Create new, blank phyloreference [state: Incomplete]
Add name and clade definition (see #18 for an attempt to parse the clade definition directly into specifiers).
Annotate note where this phyloreference is expected to resolve.
Add specifiers.
Mark phyloreference as complete [state: Unvalidated]
Start reasoning to test resolution. State will either change to [state: Failed Validation] or [state: Validated].

This is the basis of colour-coding phyloreferences: incomplete (clear?) and validated (green) phyloreferences are clear, while unvalidated can be further subdivided into "unvalidated but all specifiers match" (yellow) and "unvalidated but some specifiers don't match" (red).

Furthermore:

[ ] Phyloreferences in the "draft" state that resolve as expected can automatically be marked as "final-draft"
[ ] Phyloreferences that are marked as "published" should include a citation to their publication

hlapp commented 6 years ago

Mark phyloreference as complete [state: Unvalidated]

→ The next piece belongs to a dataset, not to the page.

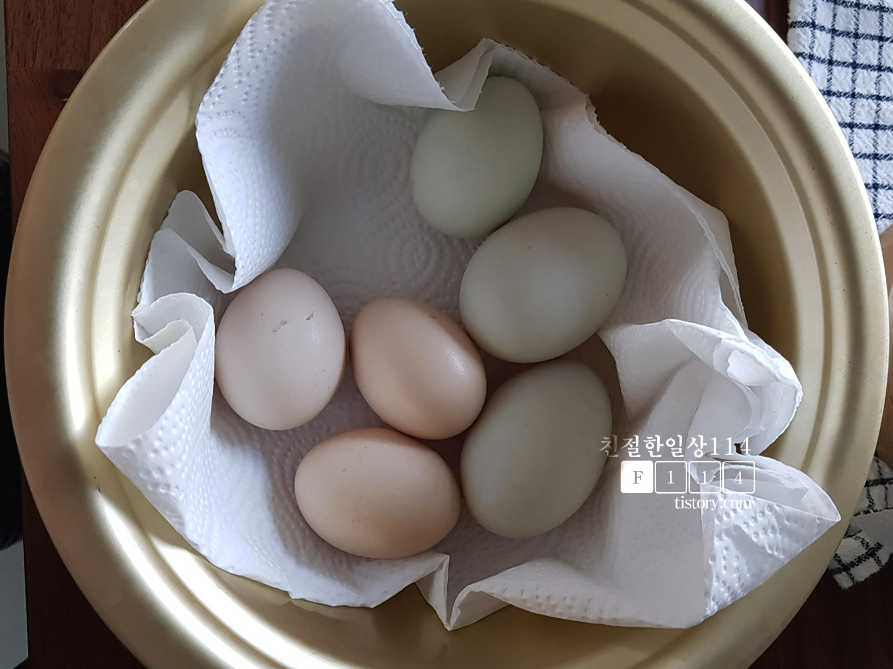 닭과 오리를 키우시는 분이 계란과 함께 오리알을 몇개 나눠 주셨다. 직접 기르고 있는 닭과 오리에서 낳은 귀한 달걀과 오리알이다. 계란은 요리에도 많이 들어가고 후라이나 삶아서도 자주 먹기 때문에 냉장고에 항상 떨어지지 않도록 보관해두며 먹고 있지만 오리알은 시중 마트에서도 보기 힘든 귀한 식재료이다. 더구나 판매용이 아니며 직접 기른 유기농 오리가 낳은 오리알이라 더할 나위없이 건강하고 신선할 것이다.

Start reasoning to test resolution. State will either remain unvalidated or change to Validated.

Isn't there a difference between a phyloreference that hasn't been validated yet ("unvalidated"), and one that has been but failed to validate?

Or do you anticipate that Phyloreferences cannot be in "unvalidated" state because they haven't been validated yet?

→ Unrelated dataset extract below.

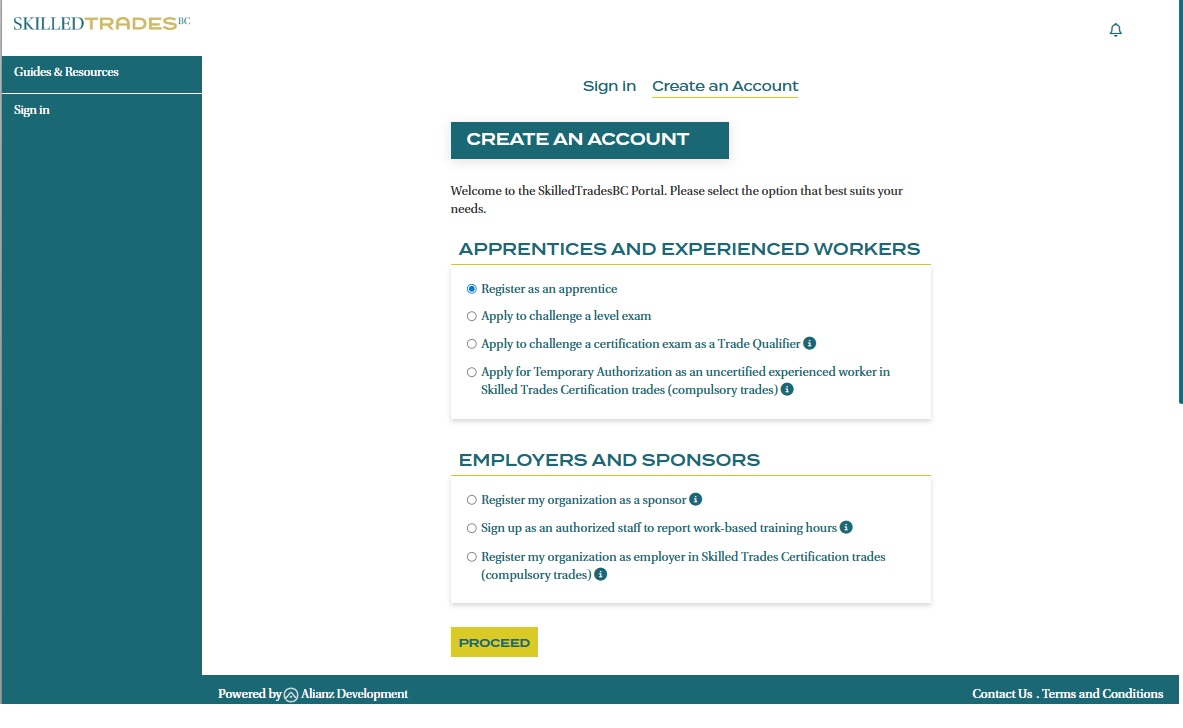 - Select the option “Register as an apprentice” and click “Proceed” button to continue.

gaurav commented 6 years ago

That is what I anticipated, but I think you're right: it'd be useful to highlight phyloreferences that validated incorrectly (and which we might want to treat as a "to do" that we would like to fix eventually) and those that have never been validated at all -- especially initially, when validation might be very slow. I've updated the issue!

gaurav commented 6 years ago

Remember that a phyloreference could remain in "Unvalidated" even after testing, for example if the authors did not annotate where they expected a clade definition to resolve on any phylogeny. That seems unlikely, but I'm sure it'll turn up.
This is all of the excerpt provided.